WORK TO BE COMPLETED: Take the lines below from the one with "为进一步优化转换健康码通关流" through the one with "Na gravação, a" and print only them, exactly. Don't print the pictures.

DATA FOR THIS TASK:
<<<<

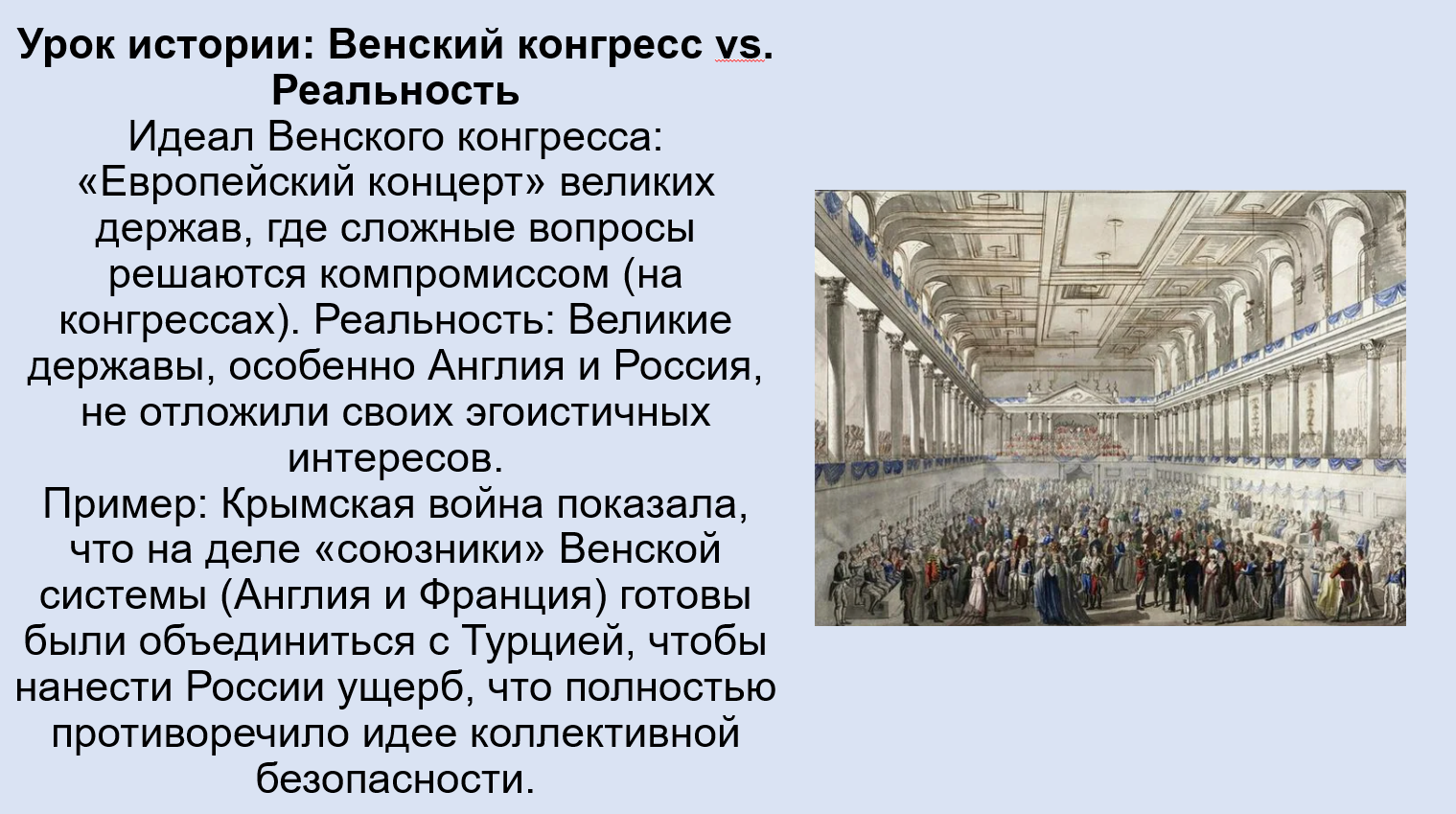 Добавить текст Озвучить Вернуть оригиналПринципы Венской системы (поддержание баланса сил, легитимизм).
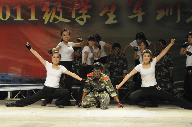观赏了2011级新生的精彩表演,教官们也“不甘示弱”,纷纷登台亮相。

>>>>
<<<<

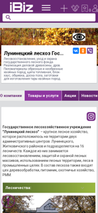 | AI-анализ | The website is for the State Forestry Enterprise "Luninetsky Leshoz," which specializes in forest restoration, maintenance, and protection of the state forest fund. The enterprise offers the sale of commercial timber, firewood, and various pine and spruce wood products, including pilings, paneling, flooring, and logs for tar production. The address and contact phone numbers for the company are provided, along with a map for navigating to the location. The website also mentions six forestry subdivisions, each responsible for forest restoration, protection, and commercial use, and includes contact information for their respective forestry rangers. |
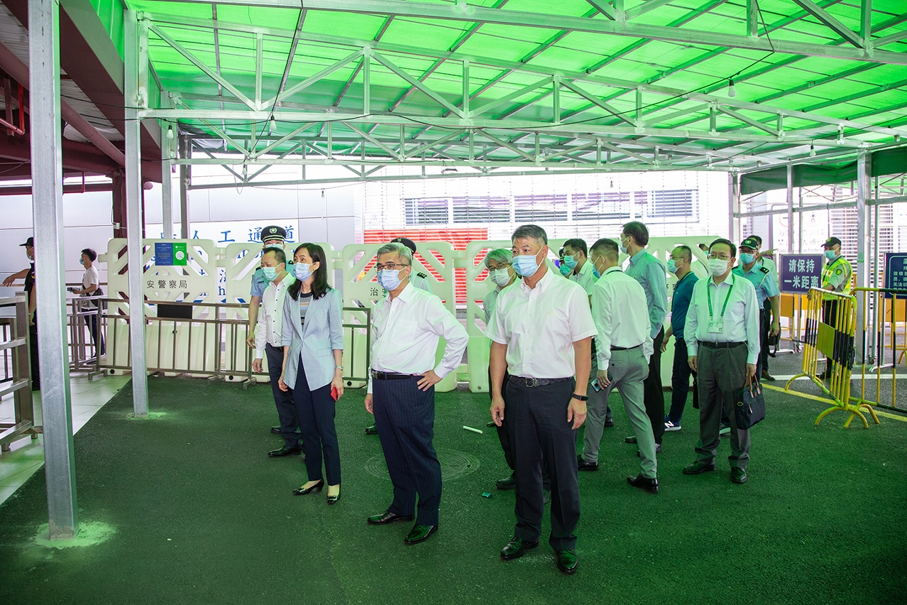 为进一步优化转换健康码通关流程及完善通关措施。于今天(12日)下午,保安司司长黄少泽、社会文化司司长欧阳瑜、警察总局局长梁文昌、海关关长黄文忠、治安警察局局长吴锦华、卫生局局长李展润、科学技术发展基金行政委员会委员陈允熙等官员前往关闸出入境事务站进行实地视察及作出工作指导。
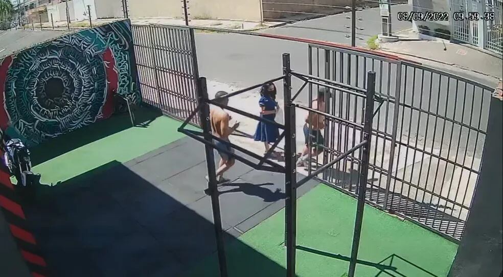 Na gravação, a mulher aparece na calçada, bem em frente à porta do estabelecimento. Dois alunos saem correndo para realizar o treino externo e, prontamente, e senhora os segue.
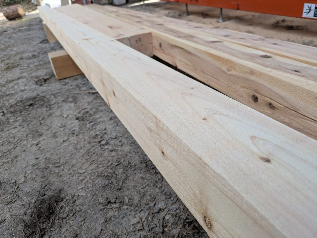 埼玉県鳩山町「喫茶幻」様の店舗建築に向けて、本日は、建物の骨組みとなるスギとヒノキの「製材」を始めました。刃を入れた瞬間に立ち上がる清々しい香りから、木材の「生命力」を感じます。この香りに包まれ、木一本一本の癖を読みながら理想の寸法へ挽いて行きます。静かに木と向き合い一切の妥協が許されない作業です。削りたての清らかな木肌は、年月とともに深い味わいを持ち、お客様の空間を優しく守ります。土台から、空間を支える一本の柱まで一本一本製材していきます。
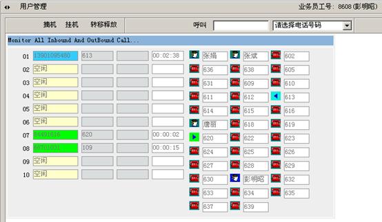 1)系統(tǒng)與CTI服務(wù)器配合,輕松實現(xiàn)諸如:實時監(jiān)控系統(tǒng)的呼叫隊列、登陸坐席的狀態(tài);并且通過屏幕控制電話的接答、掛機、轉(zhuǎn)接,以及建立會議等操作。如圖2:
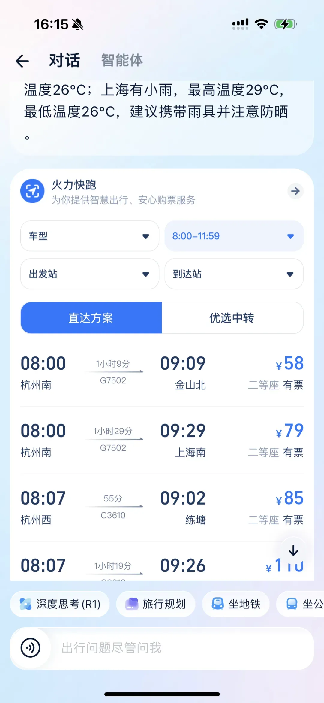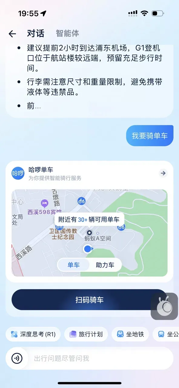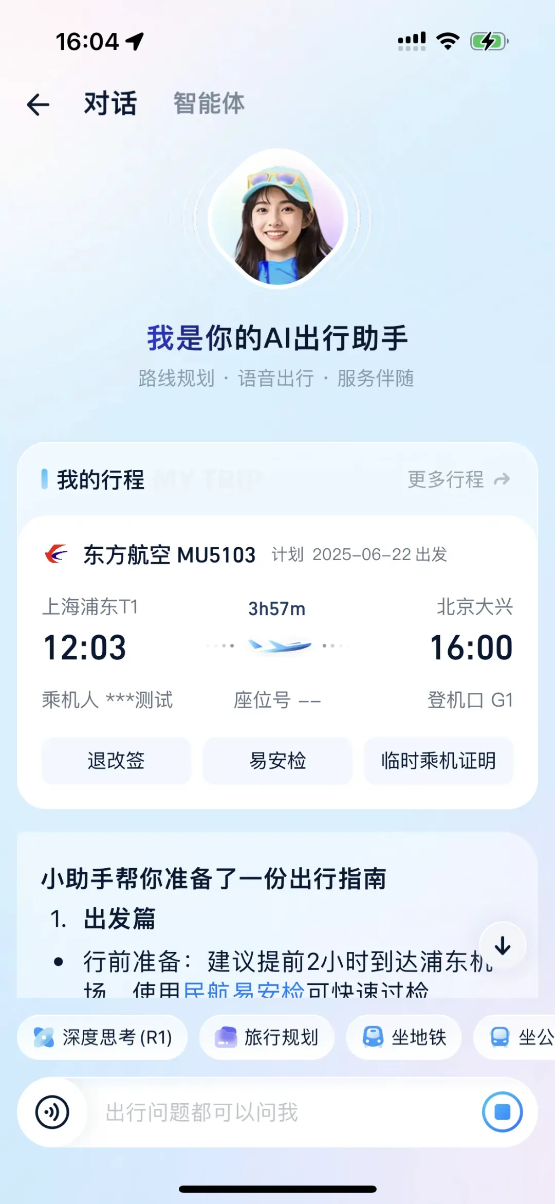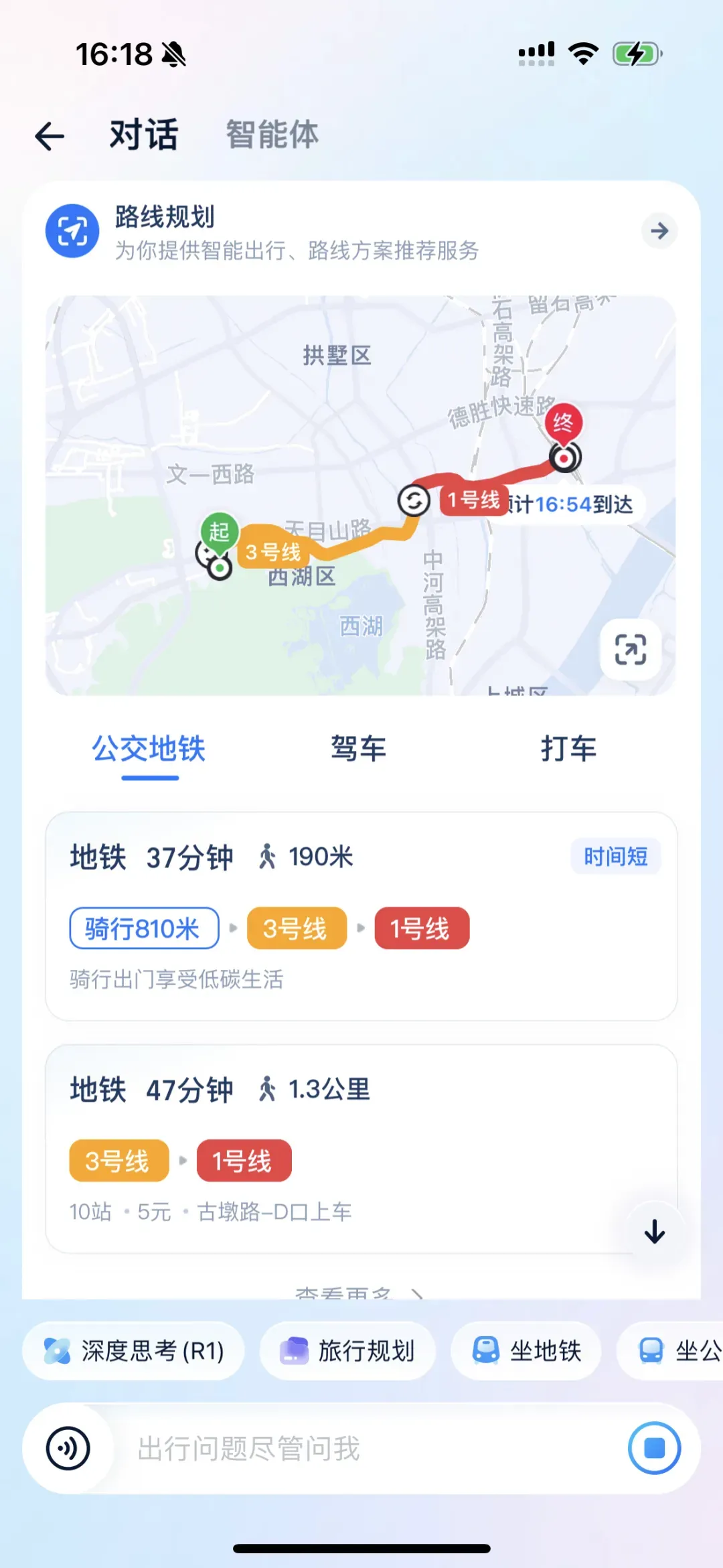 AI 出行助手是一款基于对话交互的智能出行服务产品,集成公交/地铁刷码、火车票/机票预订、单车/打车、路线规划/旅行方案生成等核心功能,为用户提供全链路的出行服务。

>>>>
<<<<

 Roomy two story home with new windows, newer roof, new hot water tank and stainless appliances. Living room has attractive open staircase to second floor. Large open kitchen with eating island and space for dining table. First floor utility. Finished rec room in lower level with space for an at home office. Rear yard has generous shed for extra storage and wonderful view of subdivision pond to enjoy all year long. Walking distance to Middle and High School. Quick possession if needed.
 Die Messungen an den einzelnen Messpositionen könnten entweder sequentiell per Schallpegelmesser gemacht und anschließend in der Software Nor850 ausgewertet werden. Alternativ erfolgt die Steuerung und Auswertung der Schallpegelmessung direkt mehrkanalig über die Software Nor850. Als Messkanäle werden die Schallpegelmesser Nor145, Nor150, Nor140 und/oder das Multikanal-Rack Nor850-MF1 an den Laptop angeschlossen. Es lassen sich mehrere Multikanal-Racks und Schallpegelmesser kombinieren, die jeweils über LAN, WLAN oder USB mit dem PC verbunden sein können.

>>>>

ANSWER TO THE EXERCISE:
 为进一步优化转换健康码通关流程及完善通关措施。于今天(12日)下午,保安司司长黄少泽、社会文化司司长欧阳瑜、警察总局局长梁文昌、海关关长黄文忠、治安警察局局长吴锦华、卫生局局长李展润、科学技术发展基金行政委员会委员陈允熙等官员前往关闸出入境事务站进行实地视察及作出工作指导。
 Na gravação, a mulher aparece na calçada, bem em frente à porta do estabelecimento. Dois alunos saem correndo para realizar o treino externo e, prontamente, e senhora os segue.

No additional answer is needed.